Mary Long: There are so many instances of like person-to-person communication where the benefits of super communication and these techniques that you outlined are really clear. Do companies that communicate well have a stronger track record of success? Is there a difference between individual super communication and organizational super communication?

Charles Duhigg: Companies that make this a priority and that have executives are making a priority, do fantastically better in the book, there's two stories. There's one about the CIA and this new CIA officer who's trying to recruit overseas agents and is just doing a terrible job of finding spies. Then a story about Netflix. Netflix went through this crisis where a senior executive used the N word in a meeting and it threatened to tear the whole company apart. In both instances, what those organizations and that company found was it was all about create, learning the skills of super communication that help them overcome a crisis or get better at their work.
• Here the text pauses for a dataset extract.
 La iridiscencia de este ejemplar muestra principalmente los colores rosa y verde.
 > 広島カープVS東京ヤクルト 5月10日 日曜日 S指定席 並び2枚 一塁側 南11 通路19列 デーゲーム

I'm absolutely certain everyone listening has a manager, has had a manager who is terrible communication and one who's great at it. Just think about what a difference it was in terms of your productivity.
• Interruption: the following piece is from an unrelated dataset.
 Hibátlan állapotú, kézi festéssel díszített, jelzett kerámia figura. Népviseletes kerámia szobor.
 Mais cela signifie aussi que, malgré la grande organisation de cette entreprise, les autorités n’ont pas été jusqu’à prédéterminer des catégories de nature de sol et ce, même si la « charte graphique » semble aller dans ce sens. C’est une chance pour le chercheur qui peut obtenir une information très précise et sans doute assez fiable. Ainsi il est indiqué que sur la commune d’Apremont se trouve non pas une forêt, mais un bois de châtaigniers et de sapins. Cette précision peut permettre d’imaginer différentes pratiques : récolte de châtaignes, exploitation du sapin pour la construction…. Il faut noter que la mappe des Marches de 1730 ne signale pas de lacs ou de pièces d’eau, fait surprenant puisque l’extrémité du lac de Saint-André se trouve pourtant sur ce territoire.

Mary Long: To make this a little bit more timely, I think Boeing CEO, Dave Calhoun, he comes to mind to someone who's in the midst of many crises.

Charles Duhigg: Yes.

Mary Long: Not the least of which is a crisis of communication, but I think to just call it a crisis of communication, ignore some other issues. Still with your research in mind. Say you've got Dave Calhoun's ear, what advice would you give to him right now?

Charles Duhigg: The first advice I would give is recognize that this this is not a practical conversation. When a door comes off your airplane, what people don't want to know is how many other airplanes are safe and that what they want to know is they want to know that you understand how terrifying this is. That this is something where every time you get on a plane, you're not going to sit next to that exit row door, you're going to be terrified and to engage people, not only stakeholders, not only customers, but also employees and say, I understand this is a hard time.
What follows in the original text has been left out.